Australian Garden Show Sydney 2014

Mini Blue Ruin Australian Garden Show Sydney©Kim Woods Rabbidge

Centennial Parklands’ horticulturalists created impressive display gardens in collaboration with Royal Botanic Garden Sydney, Blue Mountains Botanic Garden Mount Tomah, and the Australian Botanic Garden Mount Annan. This one includes rolling hills of golden kangaroo grass and paper daisies flowing beneath a mini replica of the ‘Blue Ruin’ – in this case a dead African Olive tree (a weed in Australia) that’s painted blue. It’s a reminder that dead trees should be left in place, where possible, as they provide shelter, perches and nesting hollows.

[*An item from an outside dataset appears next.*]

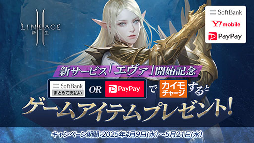 期間中、リネージュ2 エヴァサービス開始を記念して、ソフトバンクまとめて支払いまたはPayPayで3000円以上カイモチャージすると、もれなくリネージュ2で使用できるゲームアイテムがもらえます。

Australian Garden Show Sydney

The second AGSS, held last weekend in Centennial Parklands, was a fabulous event despite the rain – and that followed blazing heat at the same time last year!  I had lots of sympathy for participants and organisers.

The publicists were a bit cheeky describing this fledgling event as “the leading floral, gardening and lifestyle show in South East Asia”.  (Did they mean ‘Australasia’?)  And maybe it’s just omnipresent Sydney – Melbourne sibling rivalry because the well-established MIFGS (Melbourne International Garden & Flower Show) has been the most popular event in Australia, and even Nambour’s Garden Festival in regional Queensland is significant (35,000 visitors); plus others include the renown Singapore Garden Festival and Ellerslie Garden Show New Zealand.

Any garden event we applaud, especially when our designers’ work is on display, and the central Centennial Park venue hopefully will continue to host this event that’s wonderful for horticulture, and for Sydney.

Here are two of eight show gardens from ‘The Inspirational Gardens’ section – more to follow next post.

Myles Baldwin‘s OPEN WOODLAND which won ‘Best in Show’, and THE PAVILION, a design by Peta Donaldson, which won one of the Silver Medals.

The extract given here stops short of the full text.